# [About this exercise]
Please repeat, from the entries that follow, the lines from the one containing "Welcome to this" through the one containing "ITパスポート試験によく出る用語「不正アクセス禁止法」について解説しています。" exactly, adding nothing.

# [Data shown]
* * *

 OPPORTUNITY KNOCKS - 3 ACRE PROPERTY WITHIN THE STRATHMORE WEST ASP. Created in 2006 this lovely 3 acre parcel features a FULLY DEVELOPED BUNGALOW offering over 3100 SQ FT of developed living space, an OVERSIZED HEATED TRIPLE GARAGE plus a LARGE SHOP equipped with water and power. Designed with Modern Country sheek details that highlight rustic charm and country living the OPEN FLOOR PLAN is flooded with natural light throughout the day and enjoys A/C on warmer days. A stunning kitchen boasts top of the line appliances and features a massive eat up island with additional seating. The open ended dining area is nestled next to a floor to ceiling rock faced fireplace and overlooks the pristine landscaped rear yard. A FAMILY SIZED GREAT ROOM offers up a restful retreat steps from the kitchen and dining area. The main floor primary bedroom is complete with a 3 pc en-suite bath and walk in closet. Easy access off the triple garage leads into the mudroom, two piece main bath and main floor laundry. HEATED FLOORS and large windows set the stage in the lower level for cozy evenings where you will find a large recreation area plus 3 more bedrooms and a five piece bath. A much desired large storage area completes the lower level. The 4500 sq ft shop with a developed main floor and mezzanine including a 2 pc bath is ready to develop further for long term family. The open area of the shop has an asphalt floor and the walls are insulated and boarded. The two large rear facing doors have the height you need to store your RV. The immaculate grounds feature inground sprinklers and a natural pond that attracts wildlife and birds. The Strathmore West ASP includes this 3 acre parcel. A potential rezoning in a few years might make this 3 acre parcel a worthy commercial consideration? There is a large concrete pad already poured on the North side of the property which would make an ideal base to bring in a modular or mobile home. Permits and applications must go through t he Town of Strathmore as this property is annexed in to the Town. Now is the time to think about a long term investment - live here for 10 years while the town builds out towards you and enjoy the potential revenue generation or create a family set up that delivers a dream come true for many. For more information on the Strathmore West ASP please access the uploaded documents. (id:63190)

* * *

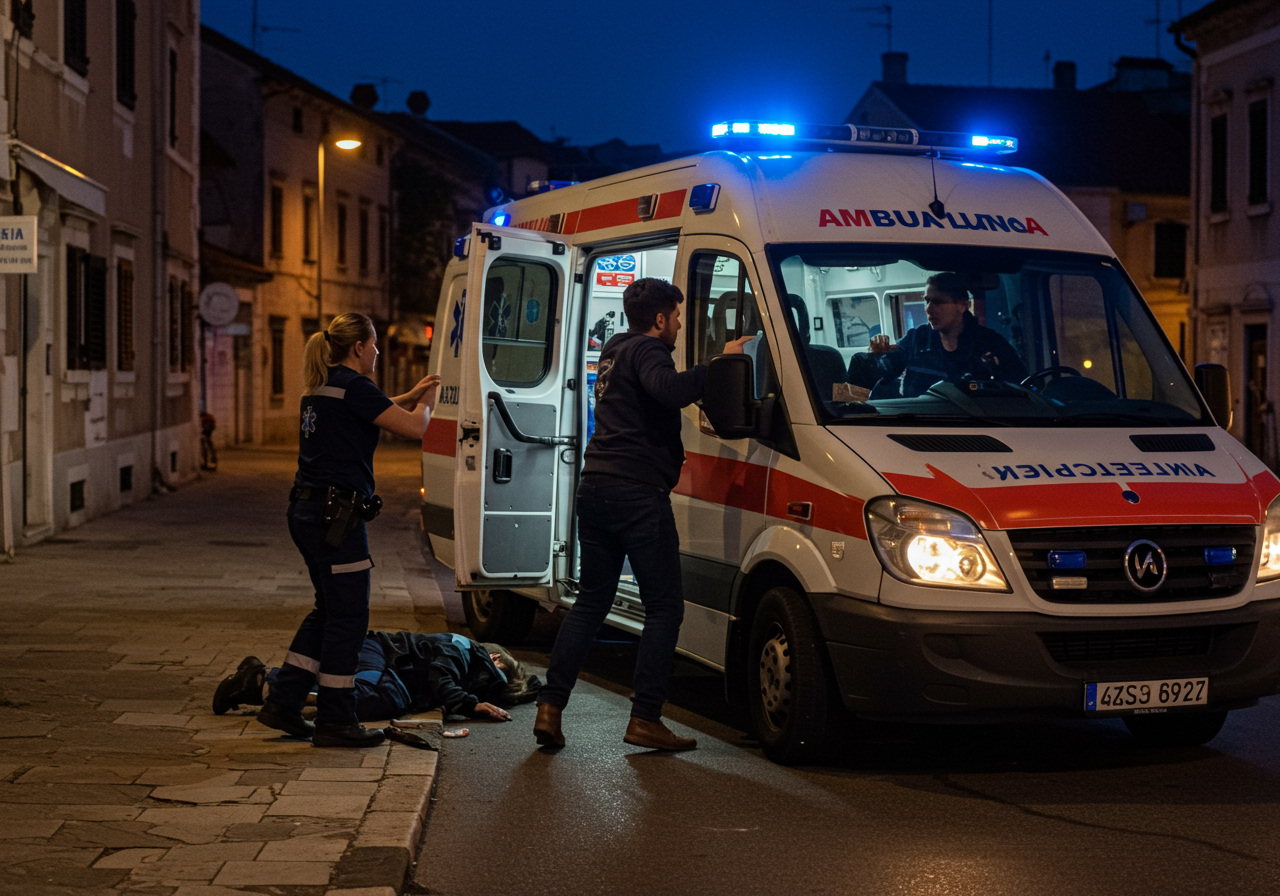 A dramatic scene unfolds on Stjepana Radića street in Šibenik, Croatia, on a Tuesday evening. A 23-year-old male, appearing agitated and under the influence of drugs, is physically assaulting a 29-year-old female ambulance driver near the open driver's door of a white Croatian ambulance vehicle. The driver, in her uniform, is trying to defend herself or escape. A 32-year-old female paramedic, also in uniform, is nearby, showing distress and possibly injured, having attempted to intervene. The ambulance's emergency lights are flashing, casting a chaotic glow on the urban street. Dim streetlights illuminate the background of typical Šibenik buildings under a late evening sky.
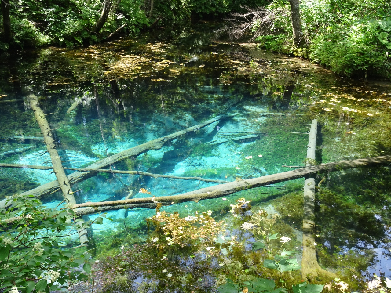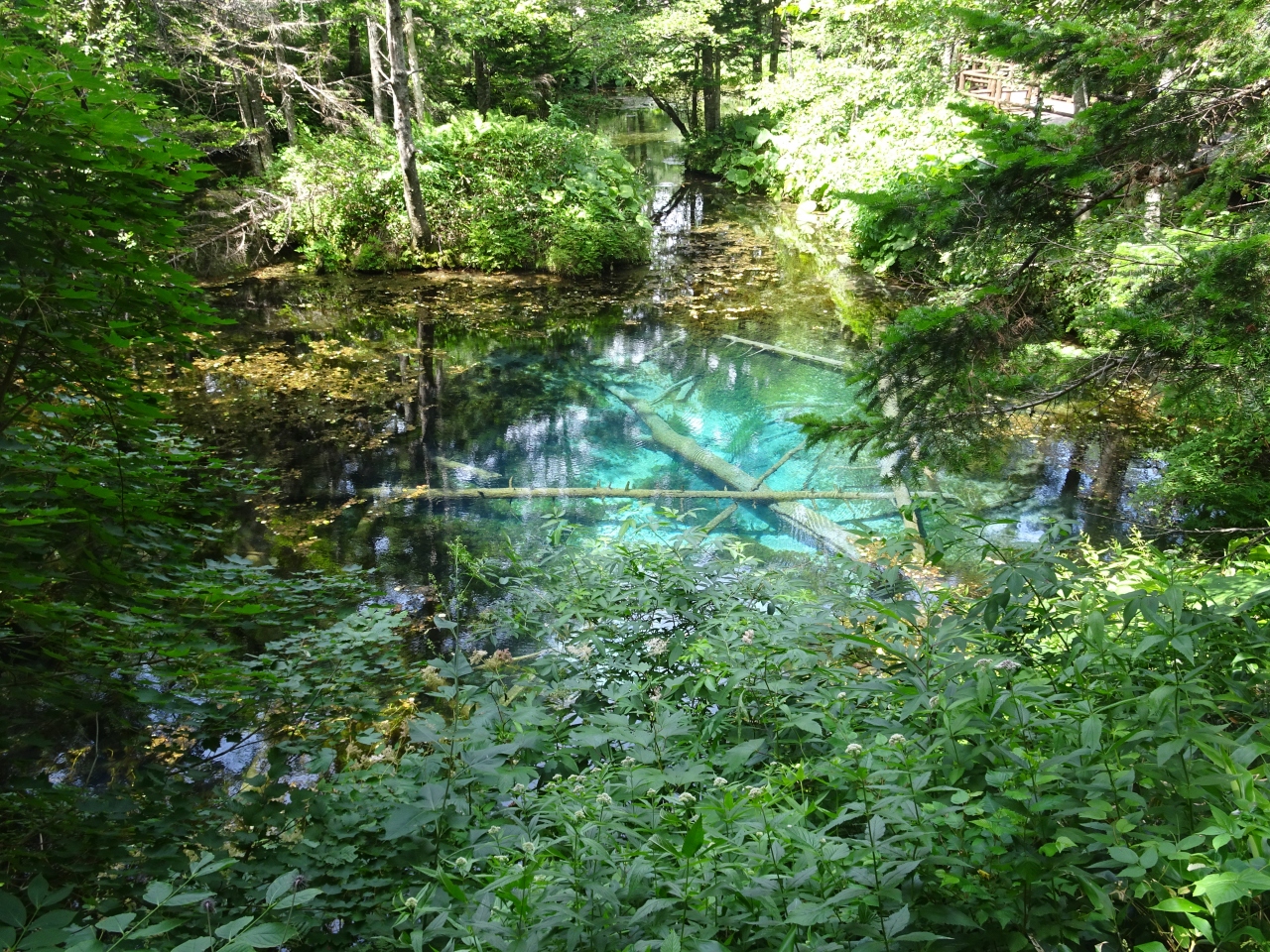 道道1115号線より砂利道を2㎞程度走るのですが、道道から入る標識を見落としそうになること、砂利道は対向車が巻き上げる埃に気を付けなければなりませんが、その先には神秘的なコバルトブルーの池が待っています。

* * *

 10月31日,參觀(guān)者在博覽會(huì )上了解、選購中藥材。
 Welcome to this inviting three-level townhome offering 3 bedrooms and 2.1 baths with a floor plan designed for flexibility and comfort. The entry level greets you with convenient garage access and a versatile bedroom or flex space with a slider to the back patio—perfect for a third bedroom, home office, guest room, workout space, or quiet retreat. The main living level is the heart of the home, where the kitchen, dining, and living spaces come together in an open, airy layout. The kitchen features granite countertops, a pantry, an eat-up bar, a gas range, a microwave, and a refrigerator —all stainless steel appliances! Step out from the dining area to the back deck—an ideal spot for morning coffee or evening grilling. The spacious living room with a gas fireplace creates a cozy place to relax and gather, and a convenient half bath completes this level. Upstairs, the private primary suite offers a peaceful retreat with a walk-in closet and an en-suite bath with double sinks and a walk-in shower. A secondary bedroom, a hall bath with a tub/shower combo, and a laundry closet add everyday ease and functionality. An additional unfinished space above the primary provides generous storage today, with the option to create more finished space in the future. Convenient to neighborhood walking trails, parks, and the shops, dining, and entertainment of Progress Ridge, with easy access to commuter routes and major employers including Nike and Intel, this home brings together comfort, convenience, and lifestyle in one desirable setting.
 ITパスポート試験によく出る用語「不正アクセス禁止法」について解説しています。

* * *

# [Exercise response]
 Welcome to this inviting three-level townhome offering 3 bedrooms and 2.1 baths with a floor plan designed for flexibility and comfort. The entry level greets you with convenient garage access and a versatile bedroom or flex space with a slider to the back patio—perfect for a third bedroom, home office, guest room, workout space, or quiet retreat. The main living level is the heart of the home, where the kitchen, dining, and living spaces come together in an open, airy layout. The kitchen features granite countertops, a pantry, an eat-up bar, a gas range, a microwave, and a refrigerator —all stainless steel appliances! Step out from the dining area to the back deck—an ideal spot for morning coffee or evening grilling. The spacious living room with a gas fireplace creates a cozy place to relax and gather, and a convenient half bath completes this level. Upstairs, the private primary suite offers a peaceful retreat with a walk-in closet and an en-suite bath with double sinks and a walk-in shower. A secondary bedroom, a hall bath with a tub/shower combo, and a laundry closet add everyday ease and functionality. An additional unfinished space above the primary provides generous storage today, with the option to create more finished space in the future. Convenient to neighborhood walking trails, parks, and the shops, dining, and entertainment of Progress Ridge, with easy access to commuter routes and major employers including Nike and Intel, this home brings together comfort, convenience, and lifestyle in one desirable setting.
 ITパスポート試験によく出る用語「不正アクセス禁止法」について解説しています。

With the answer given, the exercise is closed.